**Data for analysis:**
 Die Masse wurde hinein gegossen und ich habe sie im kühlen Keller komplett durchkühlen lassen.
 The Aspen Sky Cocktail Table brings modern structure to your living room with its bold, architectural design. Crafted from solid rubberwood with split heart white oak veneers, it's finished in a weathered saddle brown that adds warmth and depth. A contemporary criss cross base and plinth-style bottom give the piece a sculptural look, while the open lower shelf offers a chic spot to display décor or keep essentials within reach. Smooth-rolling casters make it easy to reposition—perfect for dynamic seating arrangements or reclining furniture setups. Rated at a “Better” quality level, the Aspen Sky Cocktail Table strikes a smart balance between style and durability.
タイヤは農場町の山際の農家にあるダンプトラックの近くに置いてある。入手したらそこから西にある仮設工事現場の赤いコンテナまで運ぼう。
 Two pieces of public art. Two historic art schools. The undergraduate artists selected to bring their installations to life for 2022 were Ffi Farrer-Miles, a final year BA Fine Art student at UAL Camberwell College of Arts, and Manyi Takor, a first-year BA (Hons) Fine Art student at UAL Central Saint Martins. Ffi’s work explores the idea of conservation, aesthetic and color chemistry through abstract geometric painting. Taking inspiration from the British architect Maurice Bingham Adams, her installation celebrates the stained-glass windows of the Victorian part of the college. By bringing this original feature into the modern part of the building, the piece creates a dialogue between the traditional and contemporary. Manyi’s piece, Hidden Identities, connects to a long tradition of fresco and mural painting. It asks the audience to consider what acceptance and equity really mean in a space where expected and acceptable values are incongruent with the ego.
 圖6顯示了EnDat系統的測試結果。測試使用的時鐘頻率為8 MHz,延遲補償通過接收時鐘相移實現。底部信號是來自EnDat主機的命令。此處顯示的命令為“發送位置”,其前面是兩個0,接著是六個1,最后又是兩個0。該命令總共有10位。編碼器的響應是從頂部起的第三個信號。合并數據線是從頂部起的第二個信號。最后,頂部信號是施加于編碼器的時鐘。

...

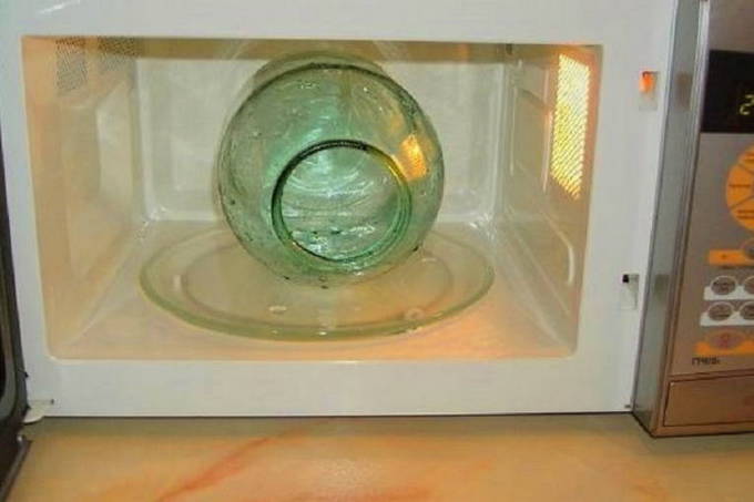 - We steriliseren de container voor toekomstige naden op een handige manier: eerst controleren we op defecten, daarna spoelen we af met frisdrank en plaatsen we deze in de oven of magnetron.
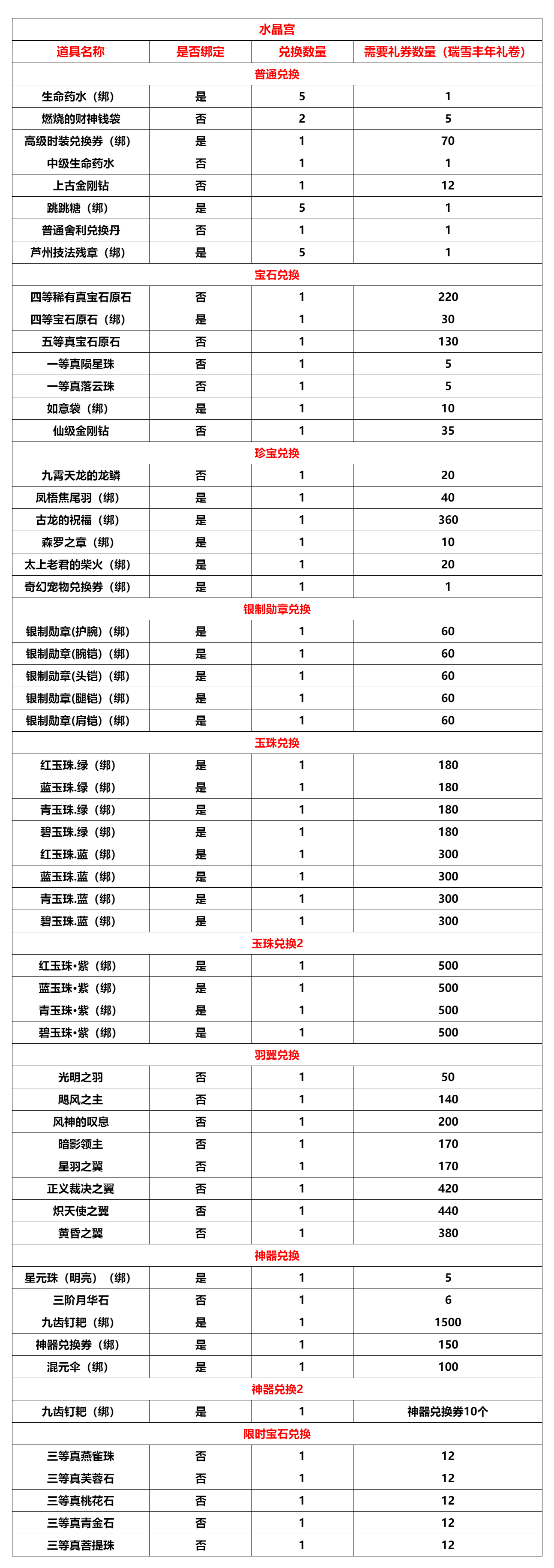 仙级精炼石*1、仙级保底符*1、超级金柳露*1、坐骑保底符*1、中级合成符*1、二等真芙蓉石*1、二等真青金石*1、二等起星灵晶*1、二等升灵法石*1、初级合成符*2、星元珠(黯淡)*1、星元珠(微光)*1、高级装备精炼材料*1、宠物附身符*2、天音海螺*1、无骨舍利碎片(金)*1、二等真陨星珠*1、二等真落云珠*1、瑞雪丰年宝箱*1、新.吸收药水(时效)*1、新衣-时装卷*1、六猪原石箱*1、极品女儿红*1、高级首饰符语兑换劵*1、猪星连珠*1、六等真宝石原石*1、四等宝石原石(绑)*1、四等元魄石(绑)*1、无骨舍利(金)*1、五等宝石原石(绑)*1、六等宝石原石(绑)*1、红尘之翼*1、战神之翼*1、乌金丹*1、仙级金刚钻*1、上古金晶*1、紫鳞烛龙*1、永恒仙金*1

==

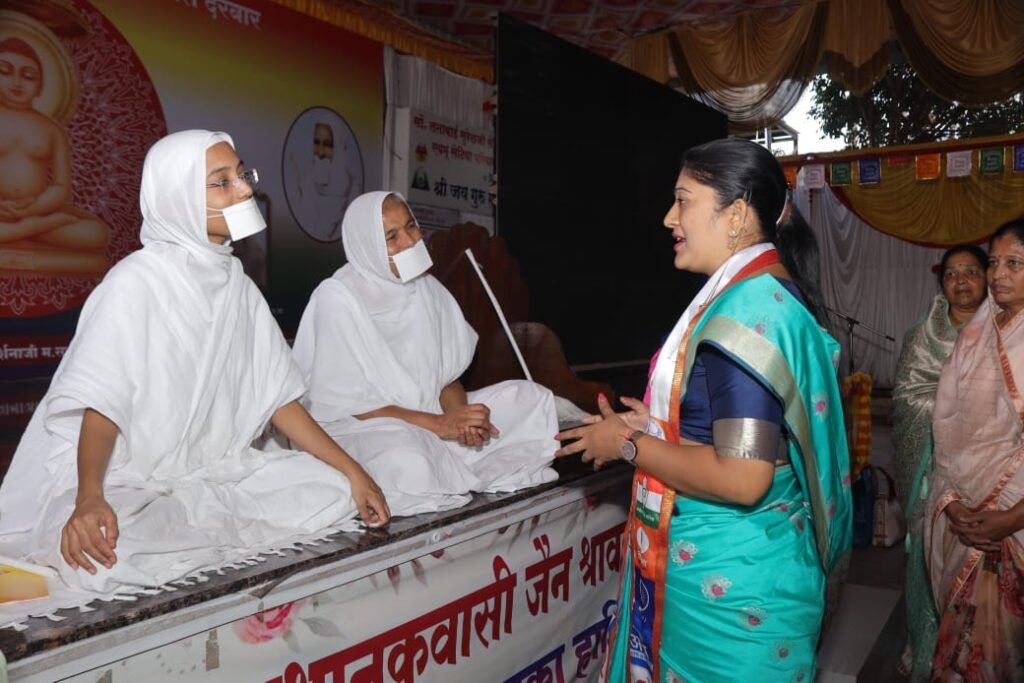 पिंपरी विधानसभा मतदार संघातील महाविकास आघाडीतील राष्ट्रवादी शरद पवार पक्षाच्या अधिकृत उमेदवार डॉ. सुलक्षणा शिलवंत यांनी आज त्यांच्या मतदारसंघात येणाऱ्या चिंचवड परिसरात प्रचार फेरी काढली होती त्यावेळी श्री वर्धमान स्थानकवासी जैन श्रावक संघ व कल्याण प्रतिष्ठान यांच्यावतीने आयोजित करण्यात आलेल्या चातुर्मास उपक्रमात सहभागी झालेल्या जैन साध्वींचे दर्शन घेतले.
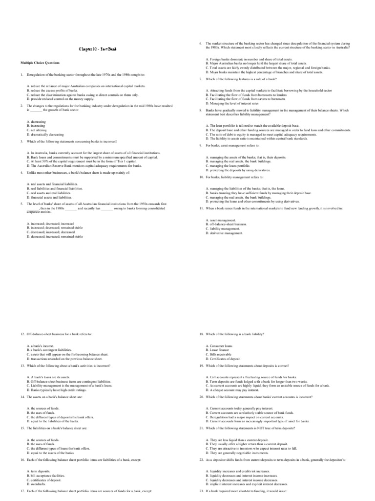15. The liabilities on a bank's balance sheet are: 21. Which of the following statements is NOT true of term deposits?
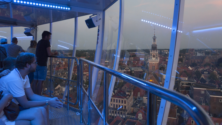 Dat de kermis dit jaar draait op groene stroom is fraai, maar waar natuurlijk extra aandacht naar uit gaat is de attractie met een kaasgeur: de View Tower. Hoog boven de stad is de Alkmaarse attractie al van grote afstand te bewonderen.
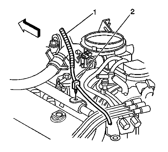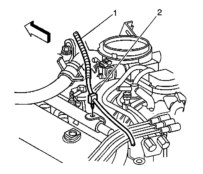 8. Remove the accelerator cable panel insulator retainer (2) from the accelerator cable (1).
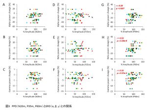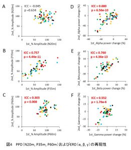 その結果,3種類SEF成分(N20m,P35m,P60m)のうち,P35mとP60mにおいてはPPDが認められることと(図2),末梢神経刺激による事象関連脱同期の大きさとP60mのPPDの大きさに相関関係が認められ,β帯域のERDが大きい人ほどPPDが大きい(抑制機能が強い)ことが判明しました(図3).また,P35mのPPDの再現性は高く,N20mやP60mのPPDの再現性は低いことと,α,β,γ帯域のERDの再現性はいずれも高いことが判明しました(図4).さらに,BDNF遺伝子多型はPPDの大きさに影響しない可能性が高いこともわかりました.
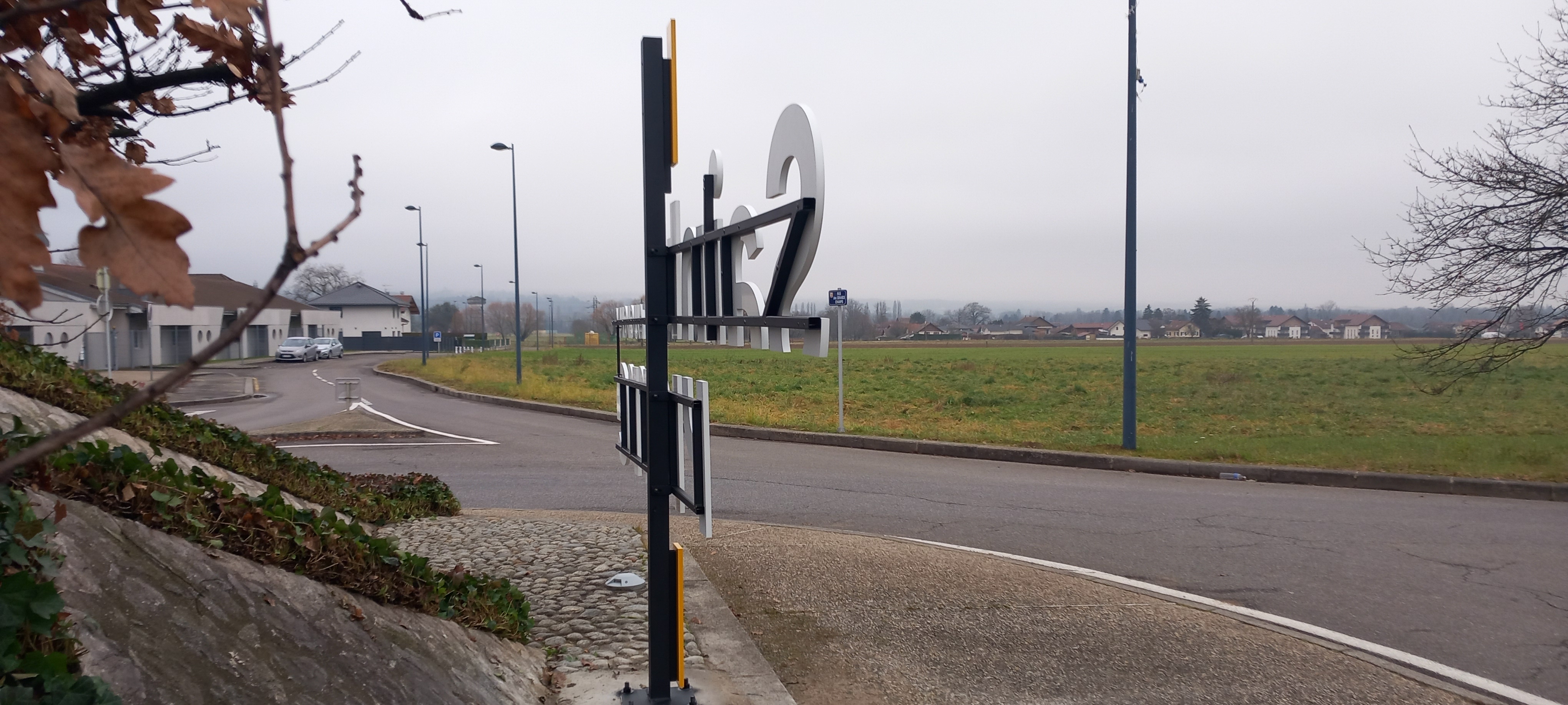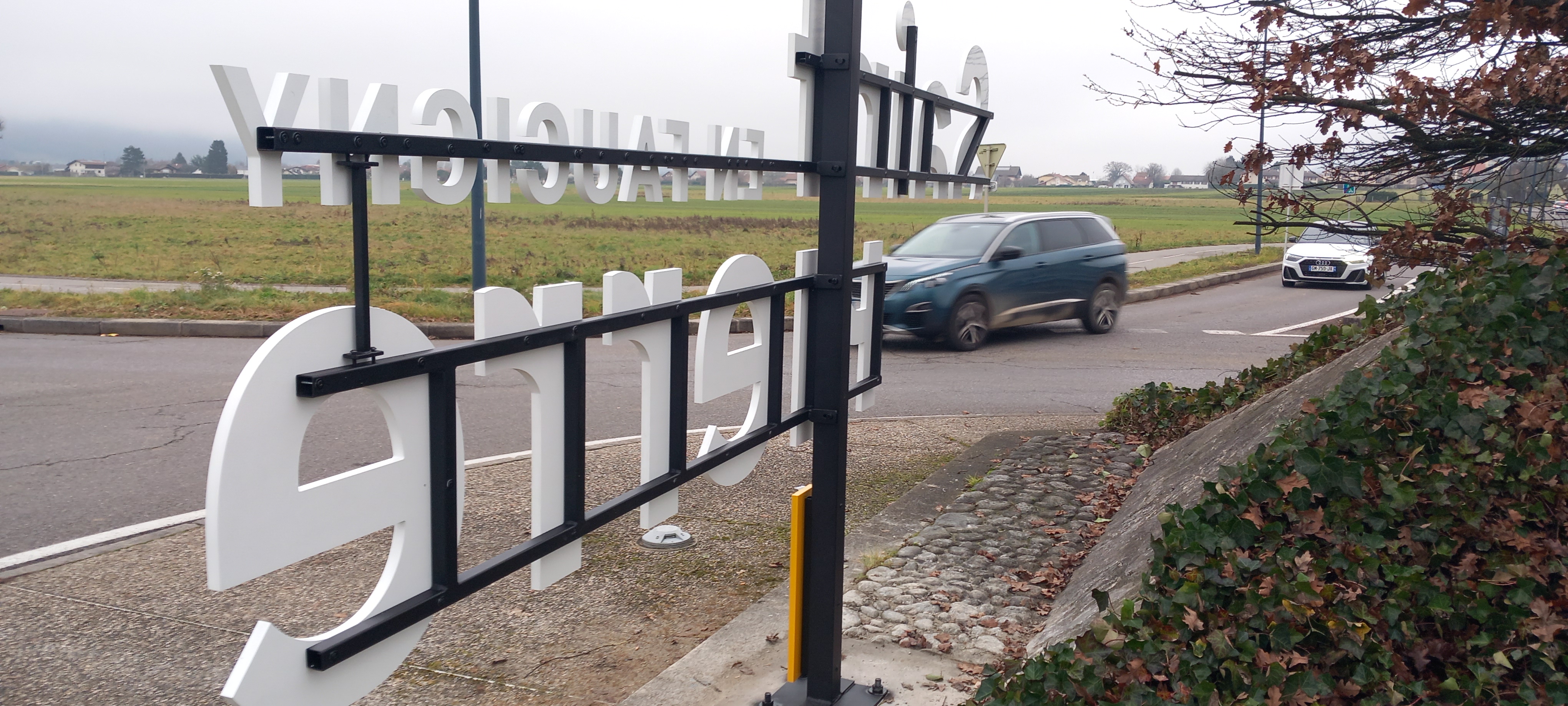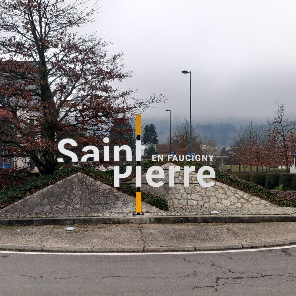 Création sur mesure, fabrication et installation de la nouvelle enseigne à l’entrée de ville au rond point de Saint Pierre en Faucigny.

**What is expected:**
Copy out, exactly and alone, the lines of the entries above between the ones holding "Die Masse wurde" and "The Aspen Sky Cocktail Table brings", inclusive.

**Response:**
 Die Masse wurde hinein gegossen und ich habe sie im kühlen Keller komplett durchkühlen lassen.
 The Aspen Sky Cocktail Table brings modern structure to your living room with its bold, architectural design. Crafted from solid rubberwood with split heart white oak veneers, it's finished in a weathered saddle brown that adds warmth and depth. A contemporary criss cross base and plinth-style bottom give the piece a sculptural look, while the open lower shelf offers a chic spot to display décor or keep essentials within reach. Smooth-rolling casters make it easy to reposition—perfect for dynamic seating arrangements or reclining furniture setups. Rated at a “Better” quality level, the Aspen Sky Cocktail Table strikes a smart balance between style and durability.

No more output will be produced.